Email parsing test dataset

780 views Asked by At

I am evaluating email parsing libraries for an Elixir/Erlang project and am trying to figure out which one is "best", or if I should build my own. The criteria I am using for "best" is: which library is the most RFC compliant.

The problem I am facing is that (unsurprisingly) each library has its own tests, so If I want to compare apples-to-apples I need to run them against the same tests.

Is there a collection of test emails available that I can use for evaluation? Or am I better off to copy tests from a more active Java/Ruby/Python library?

2

There are 2 answers

0
jstedfast On

I have a collection of mbox's that I use for testing mime parsers.

https://github.com/jstedfast/MimeKit/tree/master/UnitTests/TestData/mbox

That link is a directory containing a few *.mbox.txt files and their equivalent summary files (which is just some metadata about each message that should be easy to get from the message once the parser has parsed it from the mbox).

There's also some *.html files which are just the extracted html message bodies that are used for testing the logic for figuring out which body part is the actual message body. You can probably ignore that as it's not really about rfc-compliance.

The main mbox to look at and use is the jwz.mbox.txt file - that's the mbox file I got from Jamie Zawinski of Netscape Mail fame back in the early 2000's for testing Netscape Mail's parser.

simple.mbox.txt is a very short mbox of 3 messages with nested multiparts using different sets of boundary markers. The second and third message are the 2 that are most likely to break parsers (the first might break random mime parsers written by newbies on sourceforge or github, but nothing seriously written). THe second message has all nested multiparts using boundary="x" which will break parsers that don't use a boundary stack. The third message has nested multiparts that all use an empty string boundary (e.g. boundary="").

Then there's a content-length.mbox.txt for testing that the parser properly handles Content-Length headers.

unmunged.mbox.txt looks like it was accidentally committed - looks like I wrote that to test to see what Thunderbird did with Content-Length headers and unmunged From lines?

Anyway, to see how I generated the output for the summary files, you can check out https://github.com/jstedfast/MimeKit/blob/master/UnitTests/MimeParserTests.cs#L624

Methods like DumpMimeTree, etc are all listed above that method in the file.

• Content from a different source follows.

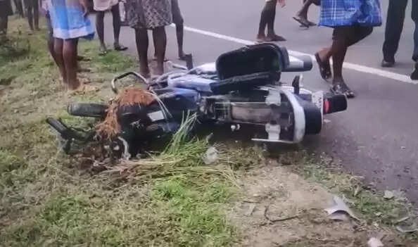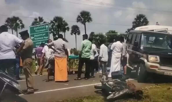 நாமக்கல் மாவட்டம் திருச்செங்கோட்டில் நெய்க்காரப்பட்டி சிவசக்தி நகரைச் சேர்ந்த ராமகிருஷ்ணன் மற்றும் ஜீவிதா ஆகியோருக்கு கடந்த திங்கட்கிழமை திருமணம் நடைபெற்றது. புதுமண தம்பதிகளான இவர்கள் எழுமாத்தூரில் உள்ள தங்களது குலதெய்வ கோயிலுக்கு பொலிரோ ஜீப்பில் சென்று கொண்டிருந்தனர். அப்போது திண்டுக்கல்லைச் சேர்ந்த சுரேஷ் , மற்றும் சுப்பிரமணியம் ஆகிய இருவரும் இரு சக்கர வாகனத்தில் திருச்செங்கோடு நோக்கி வந்து கொண்டிருந்தனர்.

I've got a very similar test suite for my C MIME parser as well (if you'd rather read C than C#): https://github.com/jstedfast/gmime/blob/master/tests/test-parser.c

Additional Thoughts:

One thing to keep in mind when evaluating MIME parsers is that you don't really want strict rfc-compliance in parsing because that means that a lot of messages will fail to parse. What you really want is a library that will handle as much brokenness as possible while outputting new messages that strictly conform to the rfcs (as much as possible anyway).

While those mbox files should be helpful in making sure that the parsers you test are at least robust enough to handle those, that's not necessarily the end-all of testing.

One of the next things I do when evaluating a MIME parser is to check how the parser parses address headers. Does it do something stupid like splitting the header value on ,'s? If so, it's out. I would probably say it had better use a tokenizer approach or it's probably not even worth considering.

The same goes for rfc2047 decoding.

Here's a rant I wrote back in 2013 when I was in your position looking for a reasonably good MIME parser for C#/.NET: https://jeffreystedfast.blogspot.com/2013/09/time-for-rant-on-mime-parsers.html

This links back to an earlier post I had written which is a rant about why decoding headers (rfc2047) is hard to get right: https://jeffreystedfast.blogspot.com/2013/08/why-decoding-rfc2047-encoded-headers-is.html

I guess the problem with trying to evaluate a MIME parser/email library is that you kind of need to be intimately familiar with the specifications in order to have much confidence in trying to evaluate them beyond the simple "can it parse my random set of messages?"

I hope that this has been helpful, but... yea, if your experience is anything like mine was back in 2013 looking for a decent C# parser, you're going to need to write your own - just please, please, please read and follow the specs if you do because otherwise you just end up giving other email devs nightmares.

0
Marcos Tapajós On

I don't think you will find any complete test suite for e-mail parsing in Elixir, but it would be a very nice project to work on.

If I'm going to start a project like that, I would probably pick tests for any library, evaluate how complete it is (based on the RFC) and build a generic way to run that against any library.

DockYard/elixir-mail/blob/master/test/mail/parsers/rfc_2822_test.exs can be a good start point for you.